• _Problem statement_:
Where a line contains "Гръб на дамски", begin there and restate word for word every line to the end of the entries below, pictures excluded.

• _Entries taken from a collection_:
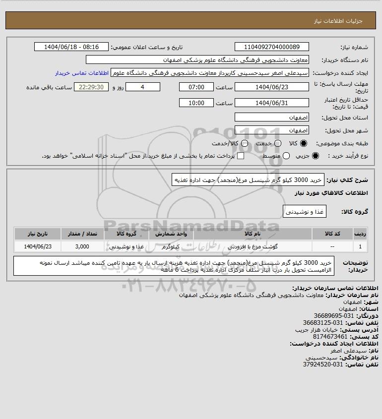 شرح کلی نیاز: خرید 3000 کیلو گرم شینسل مرغ(منجمد) جهت اداره تغذیه
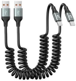 Coiled USB A to USB C Cable for Car 6FT, 2Pack USB C Cable Fast Charging, USB Type C Cable Compatible with iPhone 17/16/15 Pro Max/Samsung Galaxy S20 S10 S9 S8 Plus Note 10 9 8 and More USB C Devices
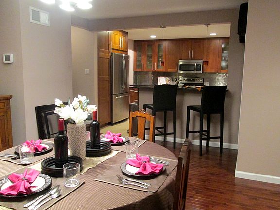 Welcome to this spacious, all brick, end-unit charmer! Fully remodeled + updated kitchen! Check out the SS backsplash, granite, double oven (one is convection), French door SS fridge, pull-out pantry, tons of cabinet storage with all soft close. Wood floors throughout. Look how they gleam! Fully finished basement w/ ceramic floor. Enclosed and private backyard. Great community amenities, too!
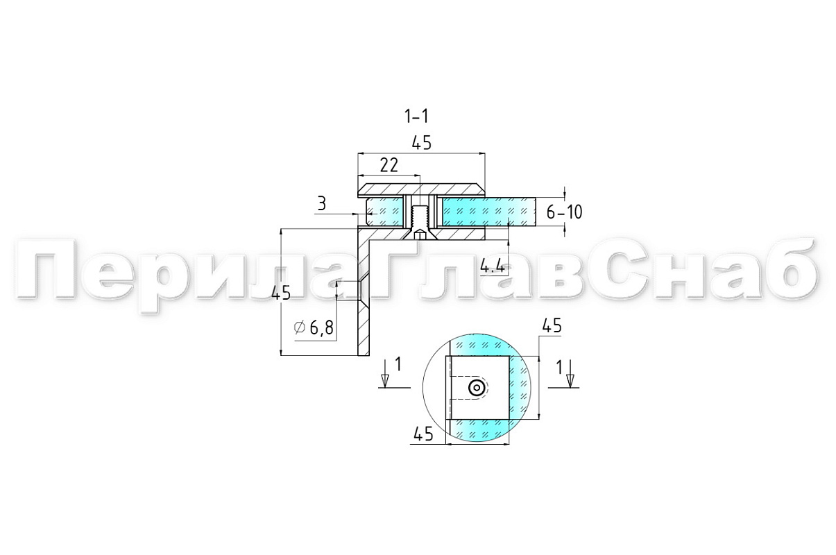 Коннектор для душевой кабины, стена-стекло 90°, 45х45 мм. Материал - латунь-хром, поверхность - полированная
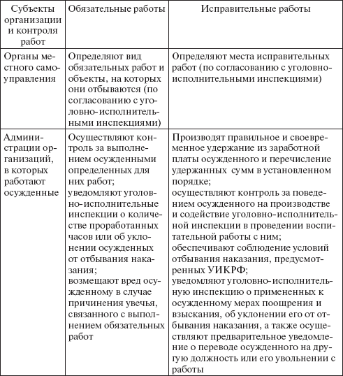 Таким образом, поправки, внесенные в УК РФ и УИК РФ Федеральными законами от 8 декабря 2003 г. № 161-ФЗ, № 162-ФЗ, существенным образом изменили правовую природу уголовных наказаний в виде обязательных и исправительных работ. Главным содержанием этих наказаний становится труд осужденных на благо общества, в этой связи важное место в их исполнении отводится органам местного самоуправления и администрациям подведомственных им организаций и предприятий. Обязательные работы заключаются в выполнении осужденным в свободное от основной работы или учебы время бесплатных общественно полезных работ. Вид обязательных работ и объекты, на которых они отбываются, определяются органами местного самоуправления по согласованию с уголовно-исполнительными инспекциями. Перечень видов и объектов обязательных работ устанавливается органами местного самоуправления с учетом общественных потребностей данного населенного пункта в благоустройстве территории, ремонтных, погрузочно-разгрузочных и других аналогичных работах. Исправительные работы применяются только к безработным осужденным, которые будут трудиться в местах, определяемых органом местного самоуправления по согласованию с уголовно-исполнительными инспекциями, но в районе места жительства осужденного. На практике исполнение обязательных и исправительных работ может столкнуться с проблемами организационного, социально-экономического, нравственно-этического характера.
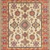A traditional tribal Caucasian Kazak rug hand-knotted with an all-wool pile on a cotton foundation. This oriental rug features a central medallion surrounded by geometric motifs set against a red background. It is new and in excellent condition.
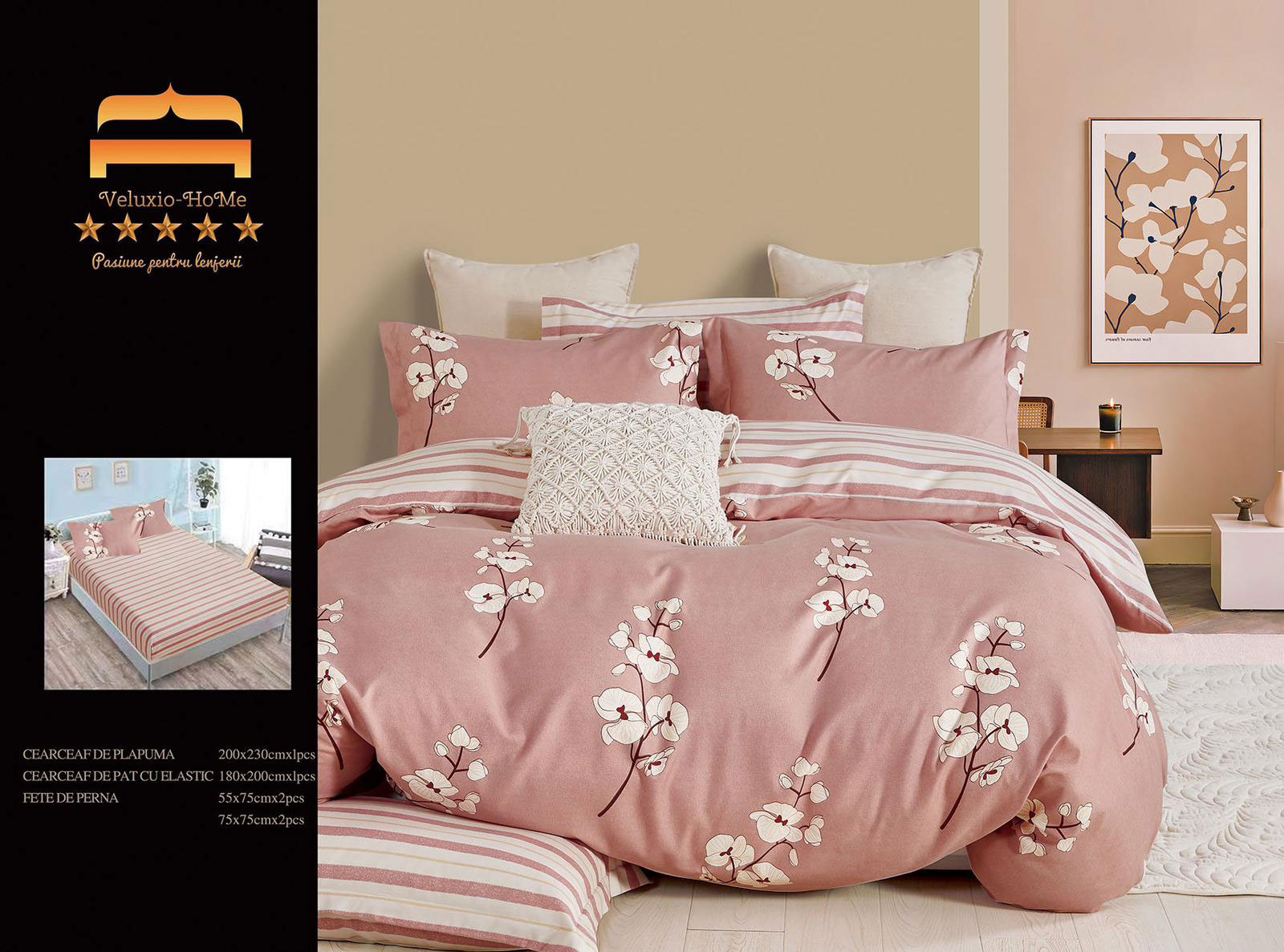 Lenjerie de pat cu 6 piese din bumbac 100%, tesatura FINET. Finet-ul este o tesatura care este tratata antisifonare, de o calitate superioara, cu o textura fina, usor pufoasa, moale si care permite pielii sa respire, pastrand temperatura corpului optima pe parcursul noptii.
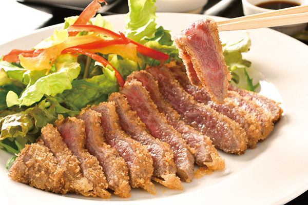 当店イチオシの「黒毛和牛牛カツ」は、お好みの大きさに合わせてオーダーカットさせていただきます。お好みでわさび醤油、特製ソース、岩塩をつけてお召し上がりください。
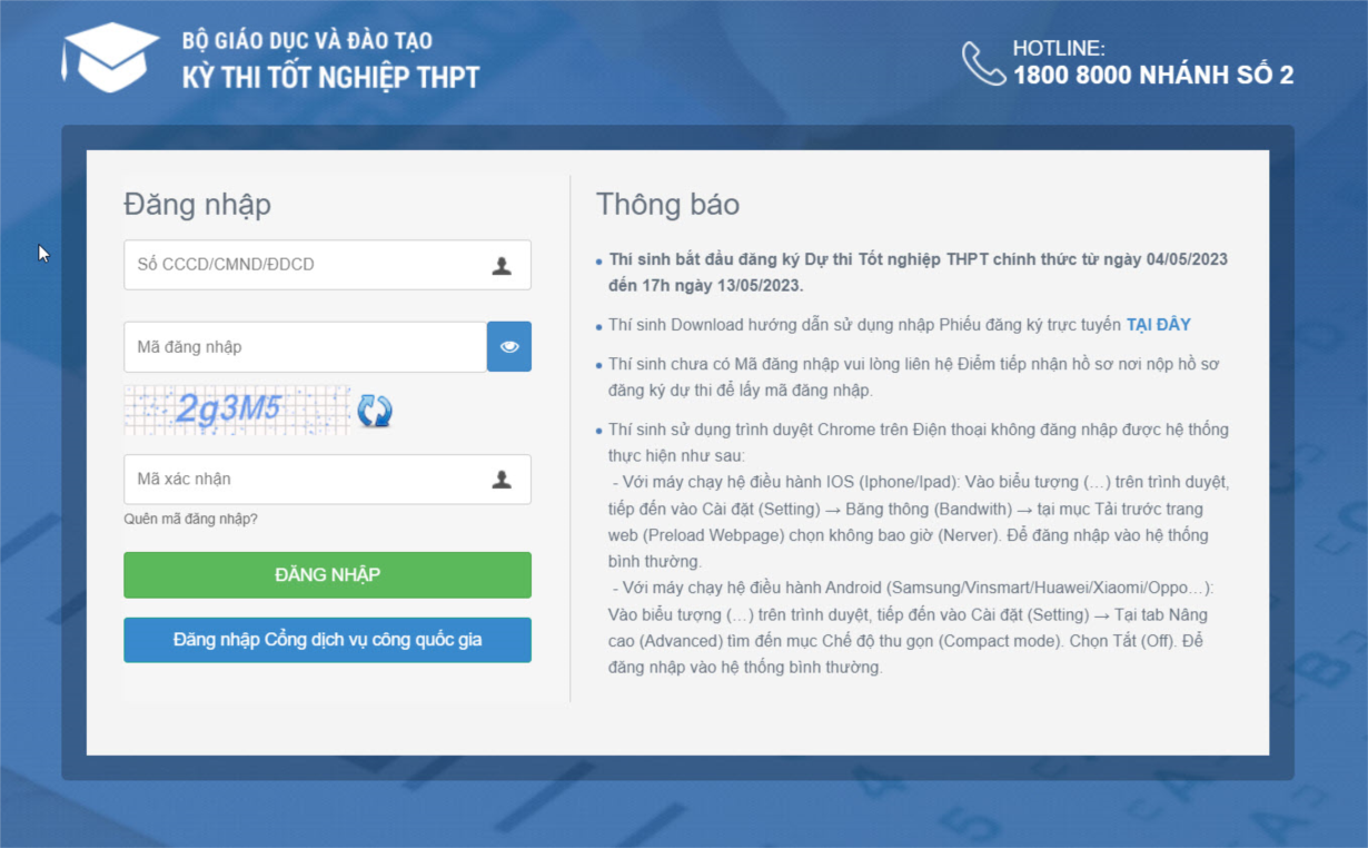 - Từ ngày 04/5/2023 đến 17h ngày 13/5/2023: thí sinh đang học lớp 12 năm học 2022-2023 chính thức đăng ký dự thi tốt nghiệp THPT trực tuyến năm 2023 trên hệ thống. (Thông tin đăng ký của thí sinh chỉ được công nhận trong thời gian đăng ký chính thức từ ngày 04/5/2023 đến 17h ngày 13/5/2023).
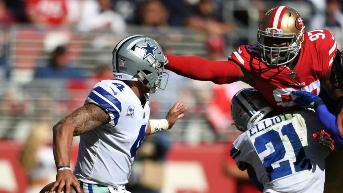 Dak Prescott and Ezekiel Elliott led the charge as the Cowboys demolished the 49ers, 40-10, in Santa Clara. Prescott threw for three touchdowns and ran for one while Elliot piled up 147 yards and two scores on the ground. Elliott also caught a 72-yard touchdown pass as Dallas cruised to the victory. Dez Bryant and Jason Witten caught touchdowns as the Cowboys ended a two-game slide. Rookie C.J. Beathard made his first start at quarterback for San Francisco, and was sacked five times and lost a pair of fumbles. He rushed for the Niners' only touchdown as they dropped to 0-and-7.
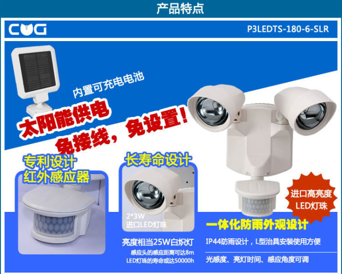 外贸专供日本款LED太阳能红外感应灯庭院灯车库灯6W日本CREE灯
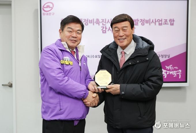 동대문구는 24일 구청장실에서 감사패 수여식을 열고, 휘경3재개발조합을 대표해 이남재 조합장에게 감사패를 전달했다. 행사에는 오선환 상임이사, 김응하 이사, 박종목 감사, 김태동 사무장 등 조합 관계자도 함께했다.
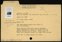 | Description: | The high-swung handle and chips of the lip missing. Deep angular body with nearly straight walls tapering to plain lip marked off by groove around top of wall. Lower part of body cuts sharply inward to rough flat bottom. Dull red to black glaze, all over. | |
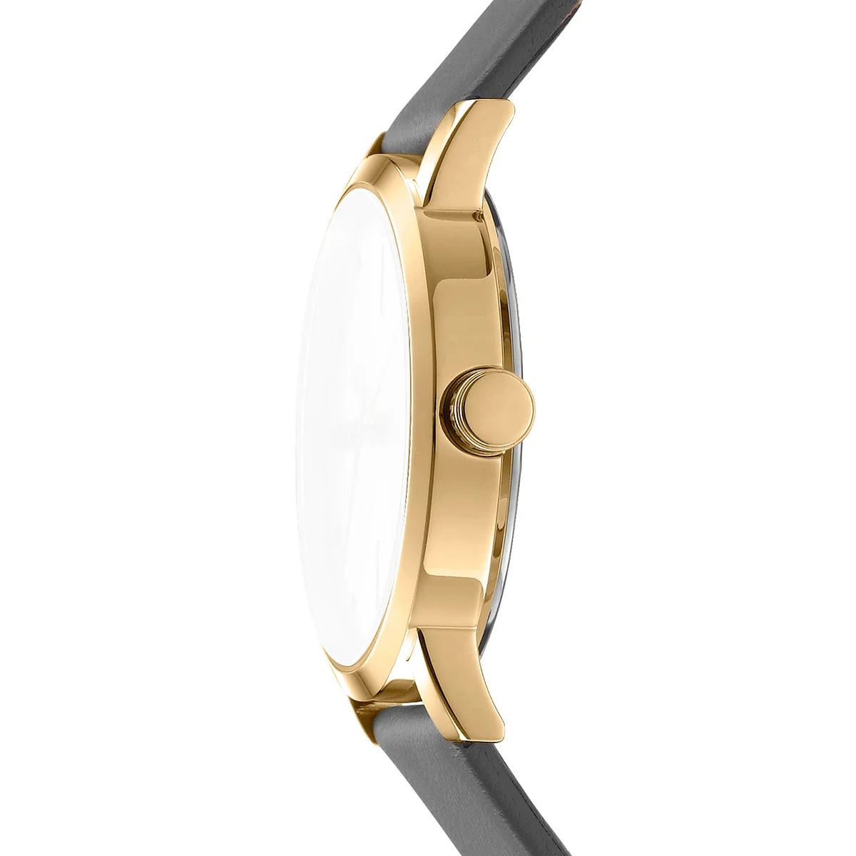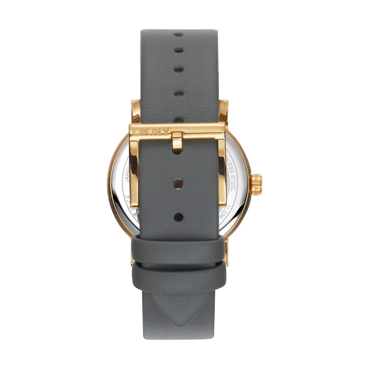 Гръб на дамски часовник DKNY Soho Midi – сива кожена каишка 18 мм и златиста катарама, модел DK1L036L0025
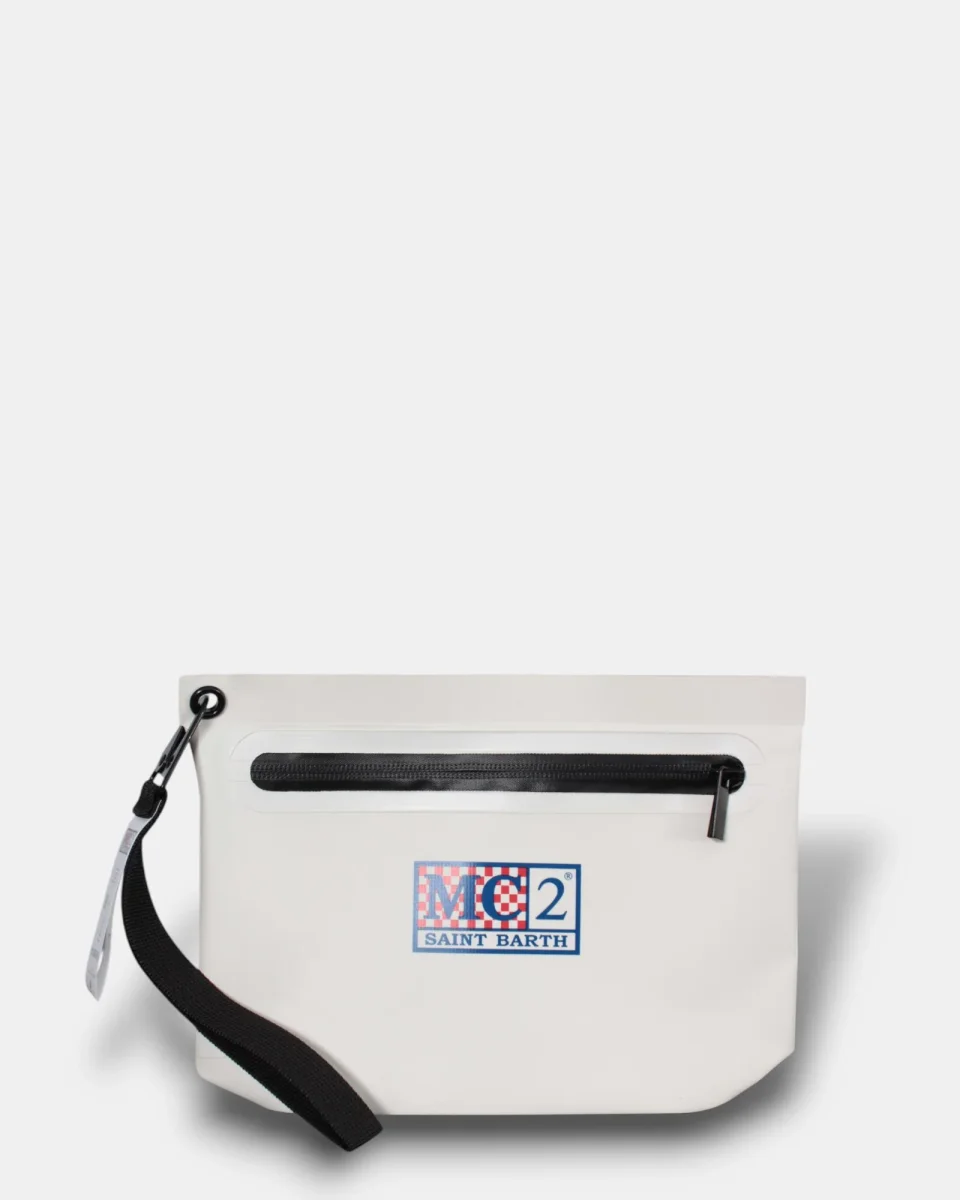 La pochette di MC2 Saint Barth presenta scritta brand su ambo i lati, chiusura con zip in contrasto, composta in 100% poliestere

• _Answer area_:
 Гръб на дамски часовник DKNY Soho Midi – сива кожена каишка 18 мм и златиста катарама, модел DK1L036L0025
 La pochette di MC2 Saint Barth presenta scritta brand su ambo i lati, chiusura con zip in contrasto, composta in 100% poliestere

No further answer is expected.